In 1890, the French painter took to the countryside to complete a series of 30 haystack oil paintings that show his devotion to the effect of light on color. It took him just under a year to do the paintings.

Monet would wake up before the sun rose. He would work on each canvas and then switch, about every 30 minutes, when the light would change. He would repeat the process for as many days as it took to finish each painting.

This included bright sunshine, fog, snow, and gray weather. He made some of the haystacks yellow and changed others to reds, oranges and browns depending upon the season.

Picasso's early works were known as the blue and rose periods. His blue period was from 1901 and 1904, when he used many shades of blue for somber paintings. The Rose Period (1904-1906) showed Picasso's cheerier side. He had a fascination with acrobats, harlequins and circus people. So, he would add oranges and pinks to the colors that became the preferences in his colors.

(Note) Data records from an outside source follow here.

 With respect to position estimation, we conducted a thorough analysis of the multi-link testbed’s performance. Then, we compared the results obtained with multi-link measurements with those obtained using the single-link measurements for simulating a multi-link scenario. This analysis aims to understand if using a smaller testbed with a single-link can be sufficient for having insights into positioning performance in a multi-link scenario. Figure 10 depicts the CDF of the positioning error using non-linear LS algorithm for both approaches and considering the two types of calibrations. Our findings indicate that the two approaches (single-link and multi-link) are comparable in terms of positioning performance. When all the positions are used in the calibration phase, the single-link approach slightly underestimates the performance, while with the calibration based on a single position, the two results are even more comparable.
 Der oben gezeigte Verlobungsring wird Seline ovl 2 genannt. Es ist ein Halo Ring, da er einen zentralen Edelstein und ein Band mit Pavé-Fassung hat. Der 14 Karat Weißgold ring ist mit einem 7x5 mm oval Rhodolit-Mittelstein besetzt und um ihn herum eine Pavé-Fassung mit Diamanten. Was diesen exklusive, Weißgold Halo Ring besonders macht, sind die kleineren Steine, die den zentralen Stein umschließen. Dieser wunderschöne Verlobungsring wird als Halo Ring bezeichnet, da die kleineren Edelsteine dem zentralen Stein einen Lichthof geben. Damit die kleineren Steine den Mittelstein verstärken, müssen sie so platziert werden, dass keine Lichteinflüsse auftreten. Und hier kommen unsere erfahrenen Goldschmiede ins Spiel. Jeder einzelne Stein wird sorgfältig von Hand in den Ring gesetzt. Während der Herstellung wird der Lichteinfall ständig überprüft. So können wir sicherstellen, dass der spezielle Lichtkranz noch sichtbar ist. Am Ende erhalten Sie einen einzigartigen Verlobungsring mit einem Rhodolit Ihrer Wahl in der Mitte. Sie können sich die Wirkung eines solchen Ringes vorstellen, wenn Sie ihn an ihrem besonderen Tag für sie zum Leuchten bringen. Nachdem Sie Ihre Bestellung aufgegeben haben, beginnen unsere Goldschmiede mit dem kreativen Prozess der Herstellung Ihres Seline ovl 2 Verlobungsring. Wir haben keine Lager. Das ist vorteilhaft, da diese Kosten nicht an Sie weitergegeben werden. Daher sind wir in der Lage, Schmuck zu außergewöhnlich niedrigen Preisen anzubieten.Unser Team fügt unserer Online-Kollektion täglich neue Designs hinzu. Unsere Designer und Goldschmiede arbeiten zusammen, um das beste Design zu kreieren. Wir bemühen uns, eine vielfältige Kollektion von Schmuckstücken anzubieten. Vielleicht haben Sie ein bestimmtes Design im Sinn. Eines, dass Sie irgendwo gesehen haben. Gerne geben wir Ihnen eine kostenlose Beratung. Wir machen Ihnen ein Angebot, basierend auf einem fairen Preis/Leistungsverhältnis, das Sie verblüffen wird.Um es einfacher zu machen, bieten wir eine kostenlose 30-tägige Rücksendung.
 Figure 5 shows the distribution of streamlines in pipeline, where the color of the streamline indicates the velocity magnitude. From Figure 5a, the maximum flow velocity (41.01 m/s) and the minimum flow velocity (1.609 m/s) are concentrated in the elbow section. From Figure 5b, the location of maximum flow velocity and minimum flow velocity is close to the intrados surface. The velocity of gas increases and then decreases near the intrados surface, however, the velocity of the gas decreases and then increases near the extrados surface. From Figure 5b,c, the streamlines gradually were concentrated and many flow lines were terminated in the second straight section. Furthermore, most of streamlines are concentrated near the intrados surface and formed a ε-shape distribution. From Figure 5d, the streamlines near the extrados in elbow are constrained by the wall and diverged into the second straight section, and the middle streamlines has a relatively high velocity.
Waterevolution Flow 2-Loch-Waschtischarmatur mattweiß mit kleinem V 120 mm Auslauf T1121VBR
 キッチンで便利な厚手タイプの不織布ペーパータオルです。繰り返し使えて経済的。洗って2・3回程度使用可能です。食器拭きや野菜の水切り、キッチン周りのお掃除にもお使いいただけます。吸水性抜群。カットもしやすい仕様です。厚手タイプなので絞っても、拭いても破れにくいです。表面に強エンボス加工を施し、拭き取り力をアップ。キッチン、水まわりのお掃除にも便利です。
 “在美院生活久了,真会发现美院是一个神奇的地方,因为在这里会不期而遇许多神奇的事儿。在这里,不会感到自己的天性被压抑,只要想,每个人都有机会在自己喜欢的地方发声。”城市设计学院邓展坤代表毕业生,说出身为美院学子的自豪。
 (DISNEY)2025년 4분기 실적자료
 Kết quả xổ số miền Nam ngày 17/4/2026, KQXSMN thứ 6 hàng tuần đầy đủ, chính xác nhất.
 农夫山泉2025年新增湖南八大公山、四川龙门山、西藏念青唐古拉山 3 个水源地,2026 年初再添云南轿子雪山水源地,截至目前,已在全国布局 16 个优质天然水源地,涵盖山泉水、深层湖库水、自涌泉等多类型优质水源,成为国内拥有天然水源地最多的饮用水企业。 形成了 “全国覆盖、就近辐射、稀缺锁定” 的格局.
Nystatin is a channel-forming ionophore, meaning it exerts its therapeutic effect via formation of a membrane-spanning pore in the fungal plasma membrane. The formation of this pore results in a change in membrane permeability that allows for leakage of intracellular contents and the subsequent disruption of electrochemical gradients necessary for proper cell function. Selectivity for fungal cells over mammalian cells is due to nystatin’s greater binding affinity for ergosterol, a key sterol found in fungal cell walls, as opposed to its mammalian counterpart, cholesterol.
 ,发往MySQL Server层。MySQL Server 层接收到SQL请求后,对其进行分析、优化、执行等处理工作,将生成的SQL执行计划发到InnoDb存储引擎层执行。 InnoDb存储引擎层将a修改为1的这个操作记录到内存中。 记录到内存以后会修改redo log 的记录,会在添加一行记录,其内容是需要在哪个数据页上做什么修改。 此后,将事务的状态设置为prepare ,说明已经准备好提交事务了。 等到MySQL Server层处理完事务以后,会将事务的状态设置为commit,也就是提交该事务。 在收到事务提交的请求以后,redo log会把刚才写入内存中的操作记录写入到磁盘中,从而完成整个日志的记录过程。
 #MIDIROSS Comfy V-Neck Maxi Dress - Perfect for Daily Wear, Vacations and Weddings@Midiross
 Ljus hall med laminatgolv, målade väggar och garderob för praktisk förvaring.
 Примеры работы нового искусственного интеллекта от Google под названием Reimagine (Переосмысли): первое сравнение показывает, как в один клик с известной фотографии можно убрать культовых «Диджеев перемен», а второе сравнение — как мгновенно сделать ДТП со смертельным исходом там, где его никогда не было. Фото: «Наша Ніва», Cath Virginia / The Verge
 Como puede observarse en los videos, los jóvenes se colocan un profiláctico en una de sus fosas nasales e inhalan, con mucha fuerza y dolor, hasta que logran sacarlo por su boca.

Though he later used a variety of bold and bright colors as one of the legends of the Cubist movement, Picasso's most famous painting is in black and white with a touch of blue. "Guernica" is an 11 foot by 25. This six foot mural that was painted in oil depicted bombing in the town that the painting was named after, by German planes in the middle of the Spanish War. This was unveiled back in 1937 and lasted this long. It traveled all over the world to help remind people who viewed war's horrors.